INDEPENDENT NEWS Media (INM) has moved in advance of a new governance report from “dissident” investor Denis O’Brien to publish favourable findings by a Harvard academic commissioned by its board to assess its governance.
Separately, it emerged the company has given commitments to replenish its board and board committees in a recent engagement with proxy advisory firm Institutional Shareholder Services (ISS).
In a stock market notice last night, INM said a “thorough, independent analysis” of its governance by Prof Jay W Lorsch of Harvard Business School found its board to be “functioning effectively” and its management to be delivering “record revenues”.
With Mr O’Brien bringing his INM stake to 25 per cent in recent days, the Lorsch report was released a week before the company’s agm in London next Wednesday.
An INM spokesman said the report had the effect of “setting the record straight”, when asked whether it was designed to pre-empt an updated report for Mr O’Brien from Yale academic Dr Stephen Davis.
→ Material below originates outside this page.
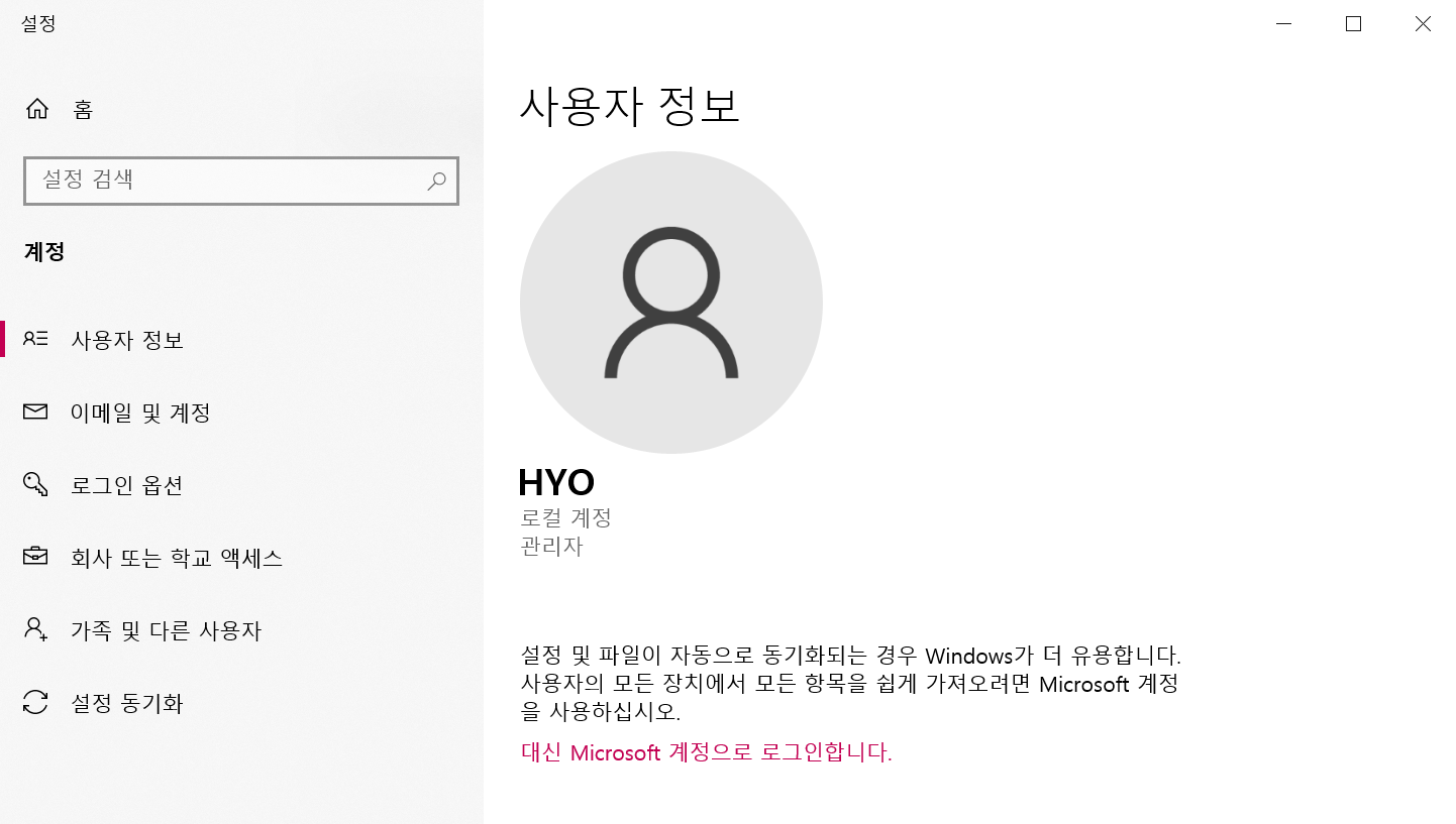 그래서 사용자 정보에 계정을 추가해서 User>hyo를 새로 생성했다
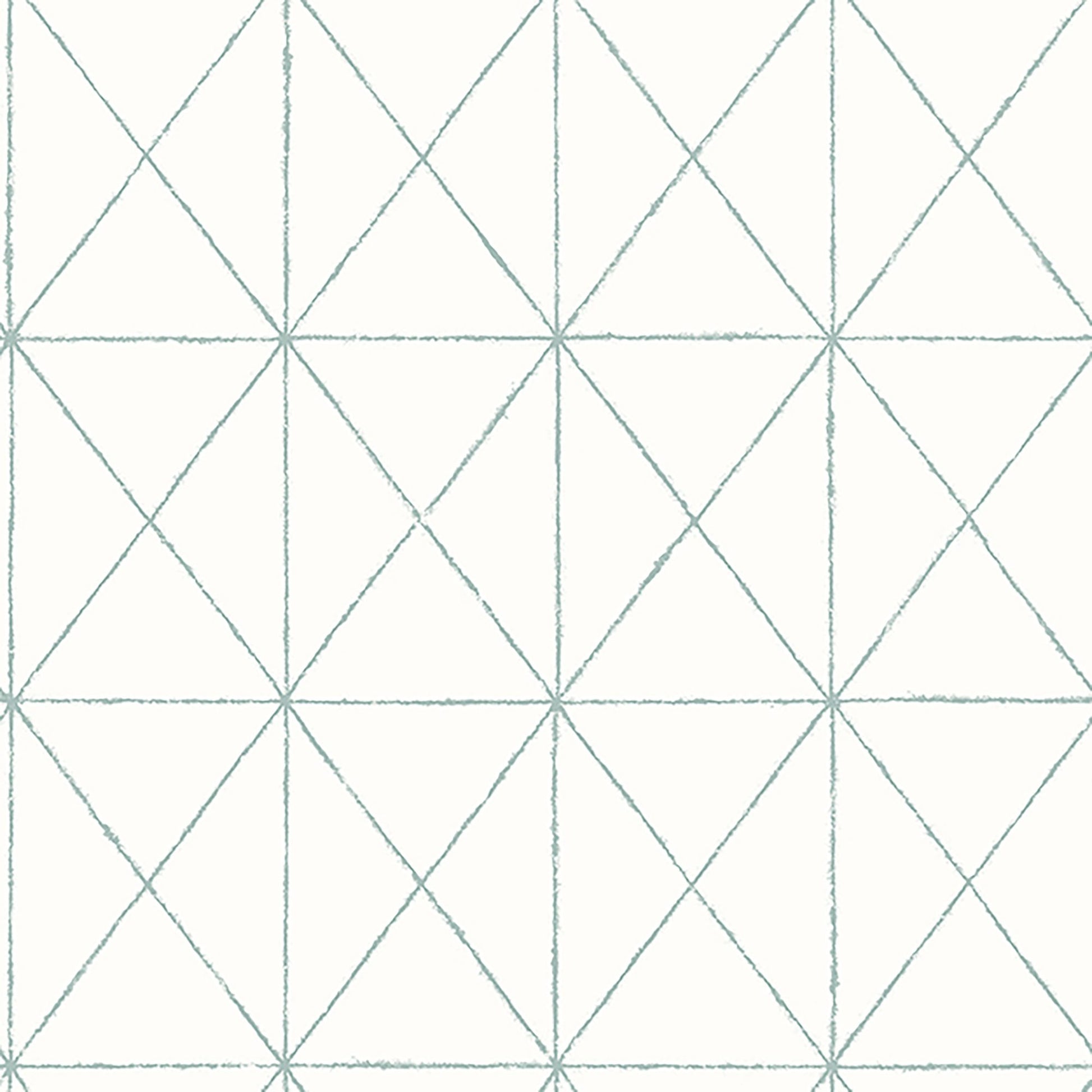 Use:A contemporary geo diamond pattern wallaper. Teal blue design on an ivory ground.

The update is expected before next week’s agm.
A report by Dr Davis before last year’s agm was highly critical of governance at INM, which rejected its findings.
“The sole purpose of this document is to attempt to counteract all the extremely incisive, professional and independent corporate governance reports which highlight the failings on the board of INM,” Mr O’Brien’s spokesman said. “The company is now clearly concerned about its deteriorating image among the international investment community.”
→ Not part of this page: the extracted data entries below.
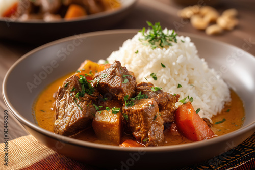 Mafé (West African Peanut Stew) with Tender Beef Chunks, Steamed Rice, Parsley, and Peanuts – Authentic African Comfort Food
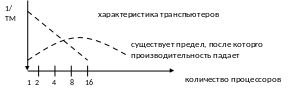 Кривая * – линейный рост производительности в зависимости от числа процессоров может быть достигнут только в истинно параллельной системе (например сетевой архитектуре).
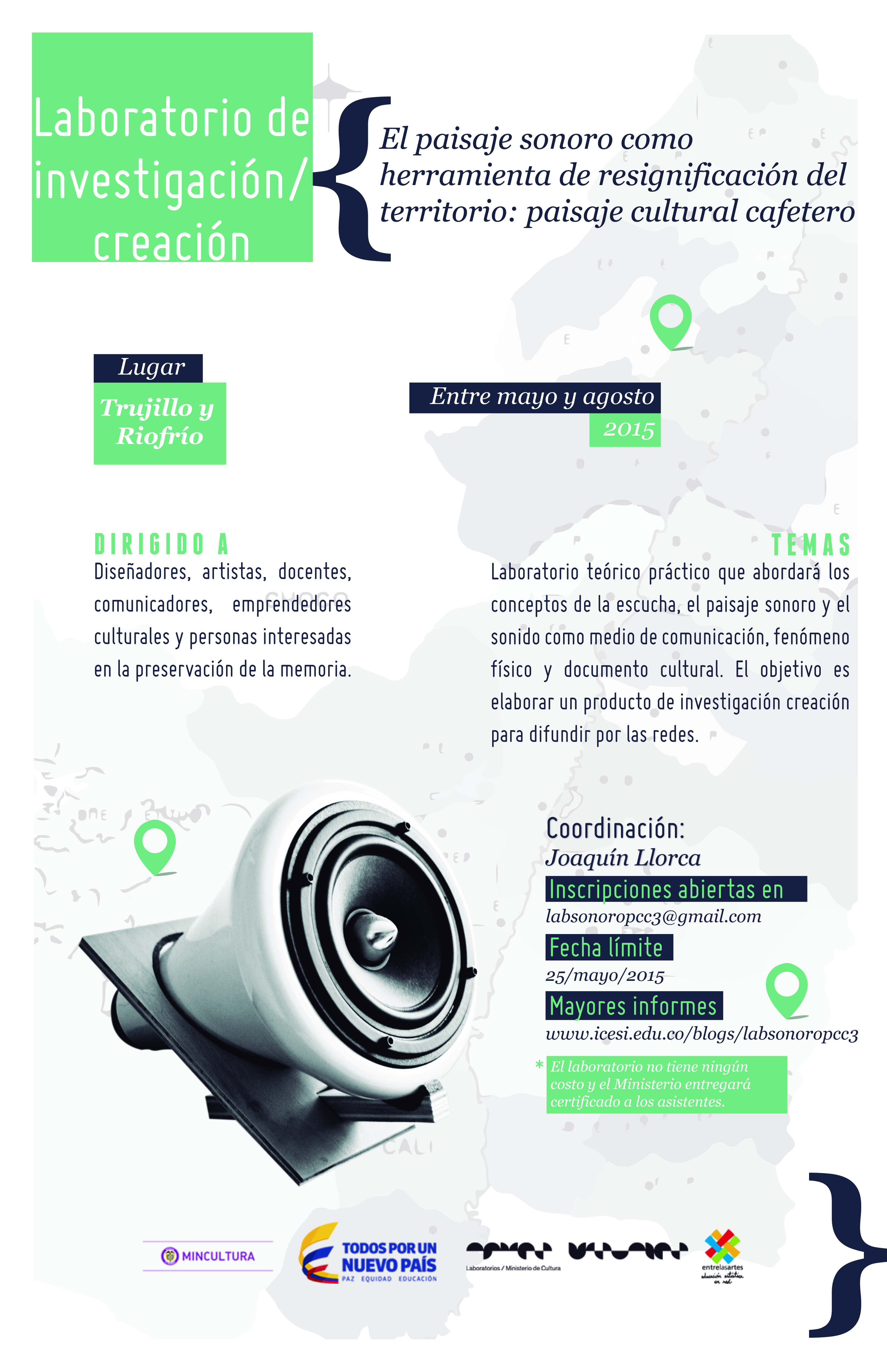El Laboratorio ‘El paisaje sonoro como herramienta de resignificación del territorio: paisaje cultural cafetero’ quiere trabajar la relación entre el paisaje sonoro y la noción de espacio que se representa en los habitantes del llamado, Paisaje Cultural Cafetero en el departamento del Valle del Cauca. Esta vez se realizará en Trujillo y Riofrío.
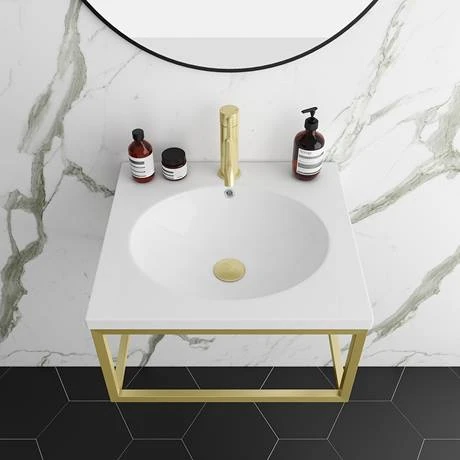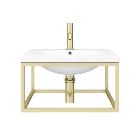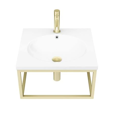 The smart and space-saving Arezzo 500mm wall mounted basin comes complete with a supporting brushed brass steel towel rail frame, perfect for creating a stunning, fashionable and chic bathroom interior.Â

Responding, an INM spokesman said the report was part of a continuous evolution process on corporate governance that predated “the dissident shareholder’s appearance” on the INM share register. “Prof Lorsch’s observations are a damning indictment of Dr Davis’s report, of his sloppy methodology and of the self-serving nature of the agenda which it supports.”
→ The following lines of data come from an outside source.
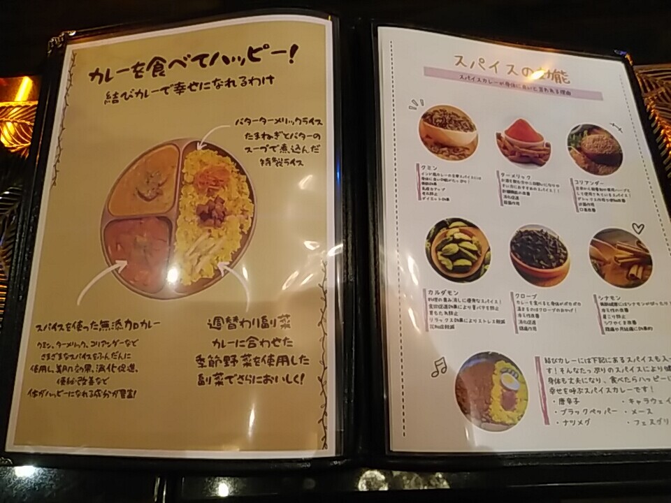 ランチメニュー、スパイスの拘り効能等。
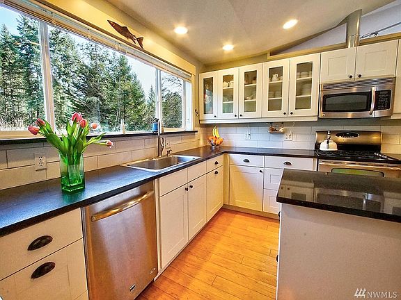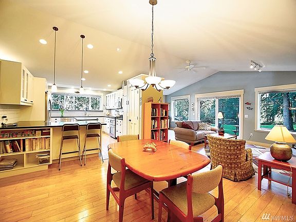 Remodeled one level home on 3 acres. Just across the street from a covered pool, tennis courts, schools and on the bus line. Sandy beach just down the street. The perfect kitchen with quartz counter tops, large island, vaulted ceilings, stainless appliances. Master suite, large family room, hot tub and outdoor living. Forced air natural gas, wood stove, outbuildings. Pet fenced around the house but property runs nearly 1300 ft from road - so great for animals of kinds. Trails thru out.
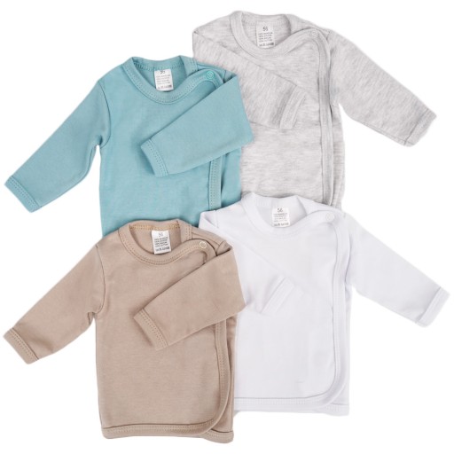 4PAK koszulek kopertowych dla niemowląt zapinanych na napki - iceberg, piaskowy, biały i szary melanż.

Stating he had personally interviewed each INM director, Prof Lorsch said “one-sided attacks from self-appointed governance watchdogs and gurus” did not conform with the requirements of the combined code on corporate governance for “reasonable dialogue and resolution” of issues that arise. He said the INM board was not perfect but that few boards were. He said it had a “healthy culture of open debate”.
ISS advised clients not to vote for the re-election of non-executive directors Liam Healy, Brian Davy and Ivor Kenny at this year’s agm. In previous years, it advised against the re-election of all non-executive directors.
“However, having engaged with the company and on receiving commitments relating to the future structure of the board and committees, ISS has considered it appropriate to apply pragmatism to vote recommendations,” its recent report said. The time frame for such commitments was not clear from the report.